The purpose of this chapter is to introduce some of the operating conditions within the elasticsearch. Here we do not introduce new knowledge points, data fields are one of the things we want to review frequently, but we do not need to be too concerned about the use of.

When you sort a field, ElasticSearch needs to enter each matching document to get the relevant value. inverted indexes are excellent for searching, but they are not an ideal sort structure .

    • When searching, we need to use the search term to traverse all the documents.

    • When sorting, we need to traverse all the values in the document, and we need to do the order.

To improve sorting efficiency, ElasticSearch loads the values of all fields into memory, which is called a "data field."

important : Elasticsearch loads all field data into memory that is not the part of the data that matches. Instead , the values in all documents under the index, including all types .

All field data is loaded into memory because the reverse inverted index from the hard disk is very slow.
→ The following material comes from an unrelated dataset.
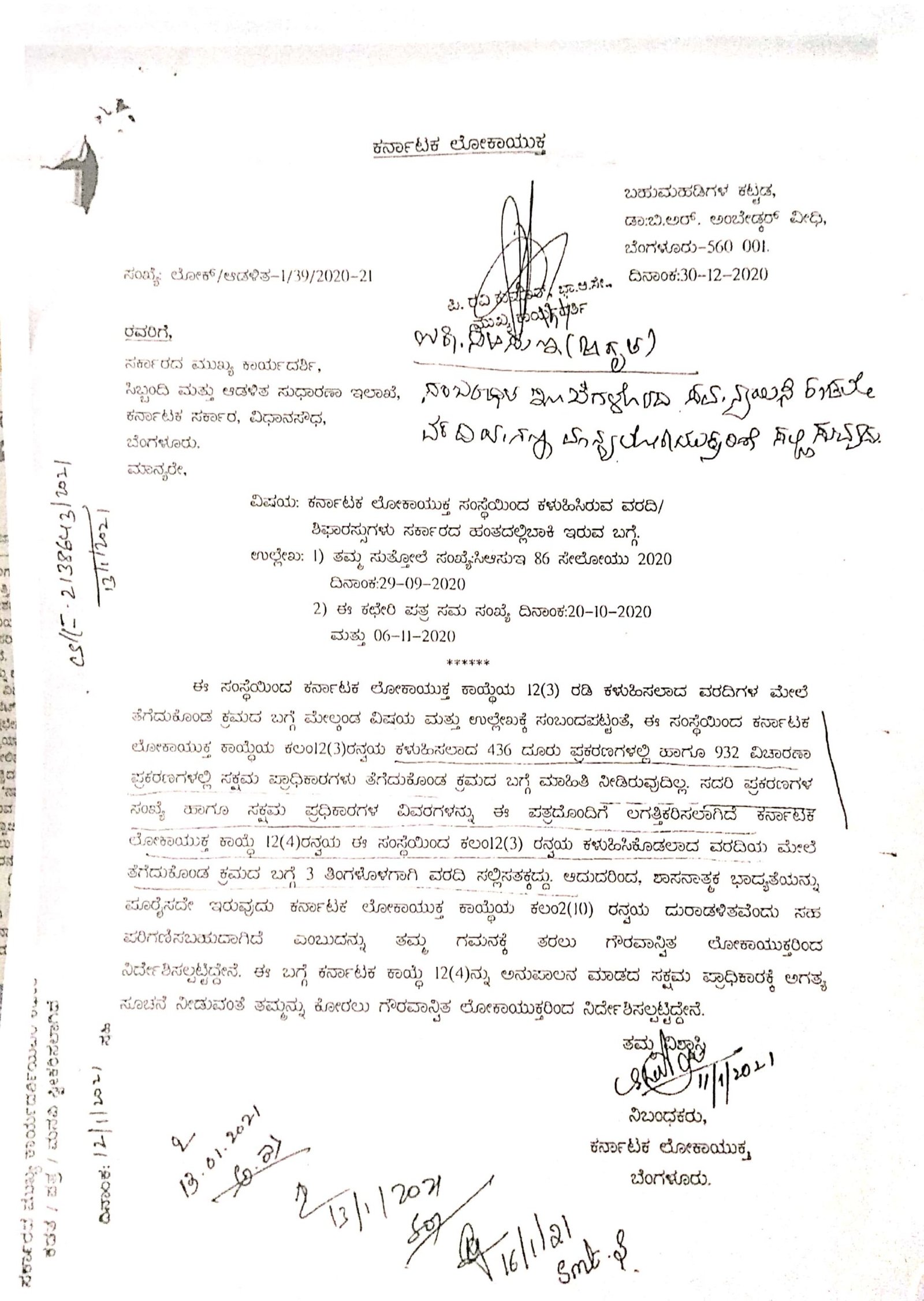 ಈ ಪತ್ರವನ್ನಾಧರಿಸಿ ರಾಜ್ಯ ಸರ್ಕಾರದ ಮುಖ್ಯ ಕಾರ್ಯದರ್ಶಿ ಪಿ ರವಿಕುಮಾರ್ ಅವರು ಸಂಬಂಧಿತ ಇಲಾಖೆಗಳೊಂದಿಗೆ ಸಮನ್ವಯ ಸಾಧಿಸಿ ಕೂಡಲೇ ವರದಿಯನ್ನು ಲೋಕಾಯುಕ್ತರಿಗೆ ಸಲ್ಲಿಸಬೇಕು ಎಂದು ಸಿಬ್ಬಂದಿ ಆಡಳಿತ ಸುಧಾರಣೆ ಇಲಾಖೆಯ ಸರ್ಕಾರದ ಕಾರ್ಯದರ್ಶಿಗೆ ಸೂಚಿಸಿರುವುದು ಪತ್ರದಿಂದ ತಿಳಿದು ಬಂದಿದೆ.

Although you need some of the data in some documents for this request, you need additional data for the next request, so it is necessary to load all the field data into memory at once.

The field data in Elasticsearch is often applied to the following scenarios:

    • Sort a field
    • To aggregate a field
    • Some filtering, such as geo-filtering
    • Some script calculations related to fields

There is no doubt that this consumes a lot of memory , especially a lot of character string data--the String field may contain many different values, such as the message content. Fortunately, the lack of memory can be solved by scaling out, we can add more nodes to the cluster.

Now you just need to know what the field data is and when it's out of memory. We'll tell you later how much memory is consumed by the field data, how to limit the memory that Elasticsearch can use, and how to preload field data to improve the user experience.